ここにあなたは実用的な例を持っています:
import random
import numpy
from matplotlib import pyplot
x = [random.gauss(3,1) for _ in range(400)]
y = [random.gauss(4,2) for _ in range(400)]
bins = numpy.linspace(-10, 10, 100)
pyplot.hist(x, bins, alpha=0.5, label='x')
pyplot.hist(y, bins, alpha=0.5, label='y')
pyplot.legend(loc='upper right')
pyplot.show()
受け入れられた答えは重なり合うバーを持つヒストグラムのためのコードを与えます、しかしあなたが(私がしたように)あなたがそれぞれのバーを横に並べたいならば、以下の変化を試してください:
import numpy as np
import matplotlib.pyplot as plt
plt.style.use('seaborn-deep')
x = np.random.normal(1, 2, 5000)
y = np.random.normal(-1, 3, 2000)
bins = np.linspace(-10, 10, 30)
plt.hist([x, y], bins, label=['x', 'y'])
plt.legend(loc='upper right')
plt.show()
参照: http://matplotlib.org/examples/statistics/histogram_demo_multihist.html
EDIT [2018/03/16]:@stochastic_zeitgeistが示唆しているように、異なるサイズの配列をプロットできるように更新しました
標本サイズが異なる場合、単一のy軸と分布を比較するのは難しいかもしれません。例えば:
import numpy as np
import matplotlib.pyplot as plt
#makes the data
y1 = np.random.normal(-2, 2, 1000)
y2 = np.random.normal(2, 2, 5000)
colors = ['b','g']
#plots the histogram
fig, ax1 = plt.subplots()
ax1.hist([y1,y2],color=colors)
ax1.set_xlim(-10,10)
ax1.set_ylabel("Count")
plt.tight_layout()
plt.show()
この場合、2つのデータセットを異なる軸にプロットすることができます。
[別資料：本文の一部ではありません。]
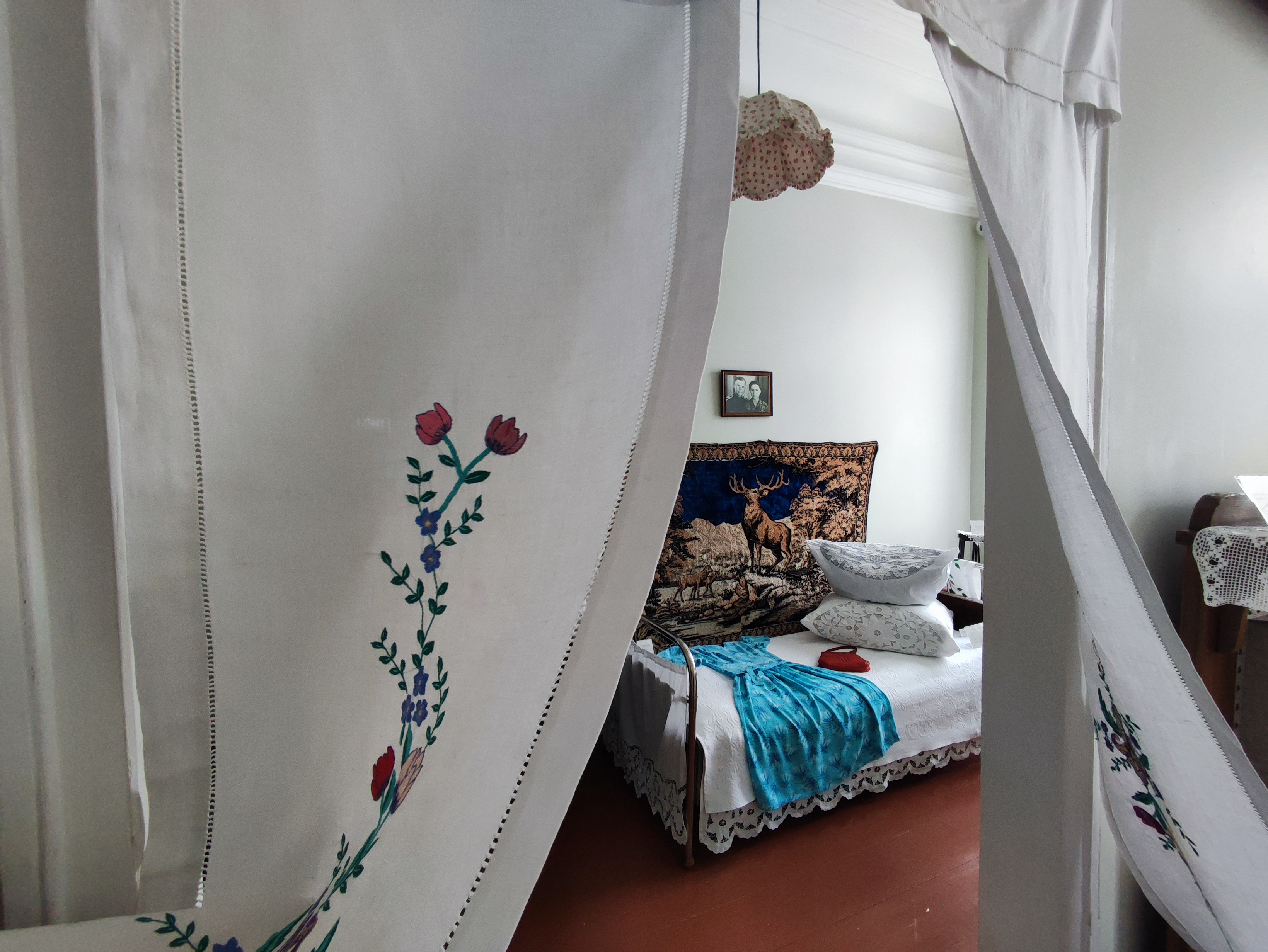 | Описание | Междверные занавески, вышитые в девичестве Валентиной Гагариной (Горячевой); кровать молодожёнов Гагариных в комнате, где они проживали в Оренбурге в 1957 году; платье Валентины, переданное в дар Дому-музею имени Юрия и Валентины Гагариных. | ||

これを行うには、matplotlibを使用してヒストグラムデータを取得し、軸を消去してから、2つの別々の軸に重ねてプロットします(それらが重ならないようにビンの端を移動します)。
#sets up the axis and gets histogram data
fig, ax1 = plt.subplots()
ax2 = ax1.twinx()
ax1.hist([y1, y2], color=colors)
n, bins, patches = ax1.hist([y1,y2])
ax1.cla() #clear the axis
#plots the histogram data
width = (bins[1] - bins[0]) * 0.4
bins_shifted = bins + width
ax1.bar(bins[:-1], n[0], width, align='Edge', color=colors[0])
ax2.bar(bins_shifted[:-1], n[1], width, align='Edge', color=colors[1])
#finishes the plot
ax1.set_ylabel("Count", color=colors[0])
ax2.set_ylabel("Count", color=colors[1])
ax1.tick_params('y', colors=colors[0])
ax2.tick_params('y', colors=colors[1])
plt.tight_layout()
plt.show()
データのサイズが異なる場合に、同じプロット上に2つのヒストグラムを棒で並べてプロットする簡単な方法は次のとおりです。
def plotHistogram(p, o):
"""
p and o are iterables with the values you want to
plot the histogram of
"""
plt.hist([p, o], color=['g','r'], alpha=0.8, bins=50)
plt.show()
Gustavo Bezerraの答えを補完するものとして :
各ヒストグラムを正規化したい( の場合はnormed
name__、mplの場合はdensity
= = )normed/density=True
を使用することはできませんが、重みを設定する必要があります。代わりに各値に対して:
import numpy as np
import matplotlib.pyplot as plt
x = np.random.normal(1, 2, 5000)
y = np.random.normal(-1, 3, 2000)
x_w = np.empty(x.shape)
x_w.fill(1/x.shape[0])
y_w = np.empty(y.shape)
y_w.fill(1/y.shape[0])
bins = np.linspace(-10, 10, 30)
plt.hist([x, y], bins, weights=[x_w, y_w], label=['x', 'y'])
plt.legend(loc='upper right')
plt.show()
比較として、デフォルトの重みとdensity=True
を持つまったく同じx
name__とy
name__ベクトル
棒グラフがほしいと思うかもしれません:
あるいは、サブプロットを使用することもできます。
bins
によって返される値からhist
を使用する必要があります。
import numpy as np
import matplotlib.pyplot as plt
foo = np.random.normal(loc=1, size=100) # a normal distribution
bar = np.random.normal(loc=-1, size=10000) # a normal distribution
_, bins, _ = plt.hist(foo, bins=50, range=[-6, 6], normed=True)
_ = plt.hist(bar, bins=bins, alpha=0.5, normed=True)
念のためにあなたがパンダ(import pandas as pd
)を持っているか、それを使っても大丈夫です:
test = pd.DataFrame([[random.gauss(3,1) for _ in range(400)],
[random.gauss(4,2) for _ in range(400)]])
plt.hist(test.values.T)
plt.show()
この質問は以前に回答されましたが、この質問への他の訪問者を助けるかもしれない別の迅速で簡単な回避策を追加したいと思いました。
import seasborn as sns
sns.kdeplot(mydata1)
sns.kdeplot(mydata2)
いくつかの有用な例は ここ kde対ヒストグラム比較です。
ソロモンの答えに触発されたが、ヒストグラムに関連している質問に固執するために、きれいな解決策は以下のとおりです。
sns.distplot(bar)
sns.distplot(foo)
plt.show()
より高いものを最初にプロットするようにしてください。そうでなければ、より高いヒストグラムが切り取られないようにplt.ylim(0,0.45)を設定する必要があります。